Network managers looking for help with real-time communications should reconsider their reservations about RSVP,...
or the Resource Reservation Protocol.
Though stigmatized by past failings, the protocol is now one of the best tools available for managing quality of service (QoS) for real-time media, particularly voice over IP (VoIP) and video. Given the rapid growth of real-time communications, a sophisticated QoS mechanism is vitally important to traffic management.
Several misconceptions about RSVP's scalability have lingered since the protocol's inception a decade ago. However, much has changed since those early days of RSVP. Significant advances in the technology and improvements in the industry's understanding of real-time networking design have combined to mitigate virtually all of RSVP's initial scalability shortcomings.
RSVP travels ahead of a phone call session or other media stream to check whether intermediary routers have enough capacity to effectively handle the session. As the acronym implies, the protocol reserves space for performance-sensitive traffic. It checks on the availability of resources at a router to make sure it is not too busy with other traffic, thereby ensuring the quality of the signal as it passes through a node.
After the Internet Engineering Task Force (IETF) ratified RSVP as a standard in the mid-1990s, early field use exposed several weaknesses. Because it required so much work on the part of the router to manage the traffic reservations, RSVP put too heavy a processing load on network routers as traffic levels grew, thereby causing bottlenecks and hampering performance.
Initially, network engineers assumed that every router needed to support RSVP, which meant greatly increased workloads throughout a communications infrastructure. But with experience, the industry has learned that RSVP is unnecessary except in the most heavily congested nodes, such as consolidated access points on the edge of wide-area networks.
RSVP's activity in the data plane has also been a source of scalability concerns. The first versions of RSVP classified the traffic in the data plane, performing a detailed packet examination that slowed traffic. Over the years networks administrators have satisfactorily relied on other mechanisms for managing traffic so that such detailed classification is no longer necessary.

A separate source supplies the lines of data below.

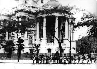 On the morning of 10 November 1937, cavalry of the Federal District police force surrounded the Congress and blockaded the entrance, preventing congressmen from entering.[75] Dutra was against using the Army in this operation.[42][75] One visitor trying to get into the Monroe Palace, the former seat of the Senate, was told by a guard, "When a senator cannot enter, then how can a stranger enter?"[76] As the congressmen were the best paid officials in the state, Vargas claimed he saved money by sending them home.[22] The president of the Senate was informed of his body's dismissal.[65] At 10:00 a.m., copies of the new constitution were printed and distributed amongst the cabinet; they were asked to sign it. The sole dissident, Odilón Braga, the minister of agriculture, resigned immediately and was replaced by anti-Oliveira paulista Fernando Costa.[53][65][77] Dutra, meanwhile, praised the "lofty mission entrusted to the national armed forces".[78] Many military personnel resigned, notably Colonel Eduardo Gomes.[78] Almost every state retained their pre-coup interventors, notably Minas Gerais, where Valadares was the politician most involved with the coup. Interventors in Rio Grande do Sul, São Paulo,[e] Rio de Janeiro, Bahia, and Pernambuco, however, were replaced.[78]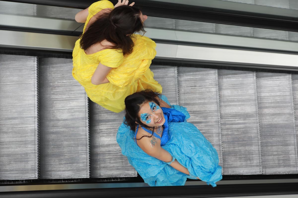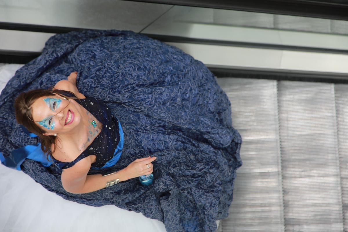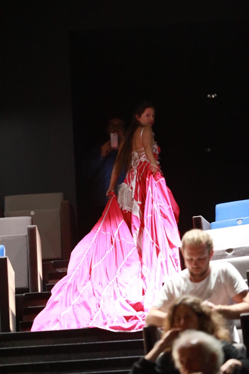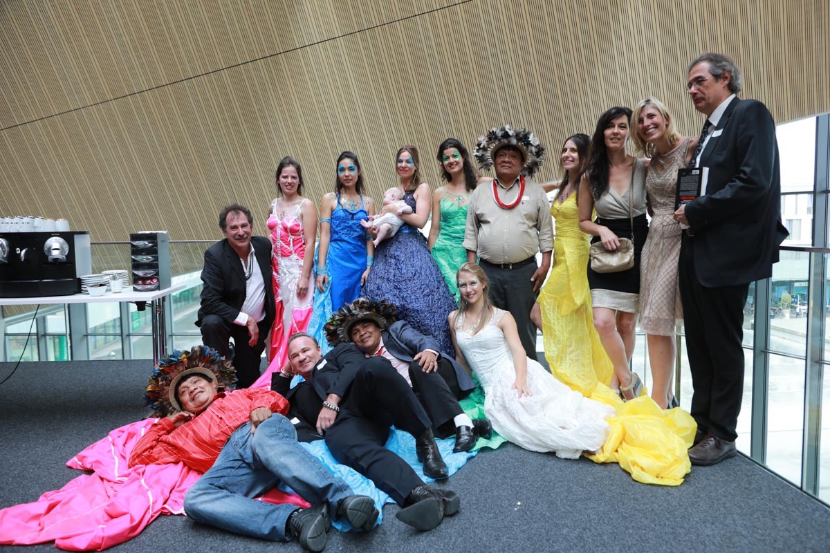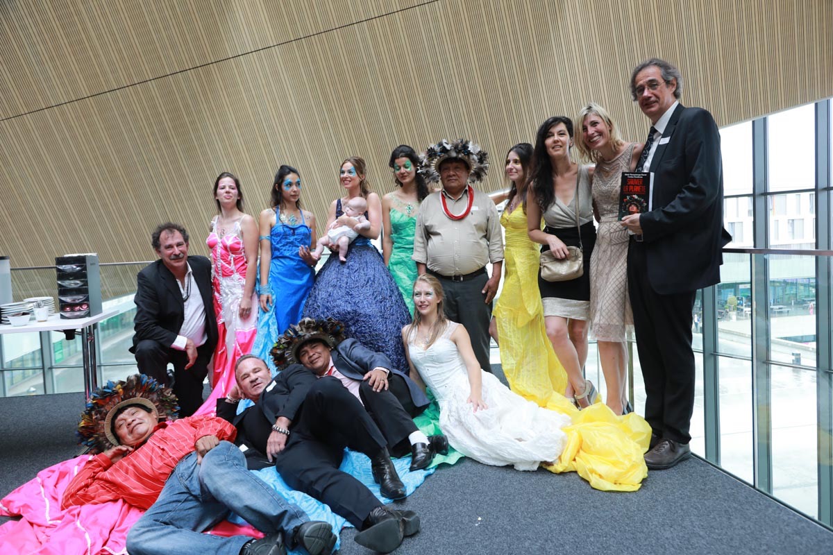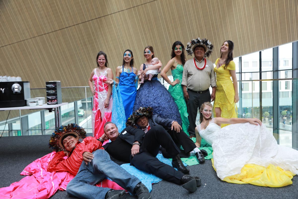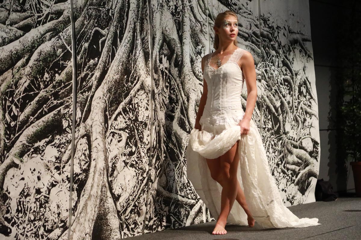 - Tess Roux Pache présente la robe Papillon crée en hommage au peuple Surui , elle est réalisée en parachute recyclé (don de voile de la Fédération Française de Parachutisme )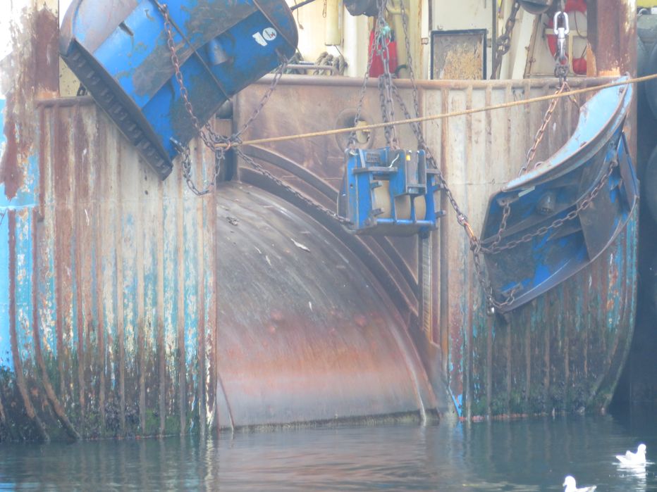 Það geta nú oft verið mikill sláttur á hlerunum þegar þeir koma uppúr sjónum og að viðkomandi skipi og því er spurning hvernig skrokkurin eða skuturinn á Breka VE muni þola þessi átök

RSVP is now able to work with a Differentiated Services solution and can use the Differentiated Services Code Point, which serves as an identification badge of sorts for VoIP or other high-priority media traffic. This eliminates the need for the router to conduct an in-depth examination of traffic packets. The router only has to see the code point to provide the necessary QoS treatment.
Earlier versions of RSVP -- a "soft state" protocol -- also ran into a problem with the number of session refreshes required to maintain a reservation request. This was a significant problem to RSVP's scalability, but the IETF addressed this issue several years ago with the addition of "refresh reduction," which combines multiple refreshes into a single message. The IETF also created a means to aggregate multiple RSVP reservations into one message, again boosting RSVP's scalability.
Scalability was not the only challenge for early versions of RSVP. The protocol did not have a means for seamlessly recovering if a message was lost while a call was being established. The IETF solved this issue with another addendum to RSVP, called "reliable messaging." This mechanism sends refresh messages at a much higher rate than normal at the beginning of a call. Once the call connects, RSVP then returns to the default refresh interval of one and a half minutes.
Because of RSVP's initial shortcomings, many network managers have shied way from it, instead relying on a much more basic admission-control mechanism. Known generically as "call counting," this approach simply counts the number of sessions that can be allowed. Once a certain number of sessions is reached, additional requests are refused.
This technique was satisfactory five years ago, but VoIP, video and other media communications are exploding. Such call-counting mechanisms cannot effectively address the volume and complexity of today's real-time traffic. Call-counting functions have no ability to adjust to network events.
For a few years, the IETF has also been working on an alternative protocol to RSVP called Next Steps in Signaling. NSIS is still not available in production routers and applications, and when all is said and done, NSIS may not be much different from the more mature RSVP. As was demonstrated with RSVP, any new protocol goes through an initial reality check, when live deployments reveal unanticipated issues. RSVP, on the other hand, has been extensively vetted in thorns-and-all networks for a decade, giving the protocol a thoroughness that no standards body can imbue in the first iteration of any protocol.
RSVP is a tested, decade-old standard. It might have taken 10 years, but the issues surrounding RSVP have been addressed, and the protocol now offers a dependable and much-needed tool in handling the ever-greater flows of VoIP and other media traffic. The time is right to take another look at RSVP.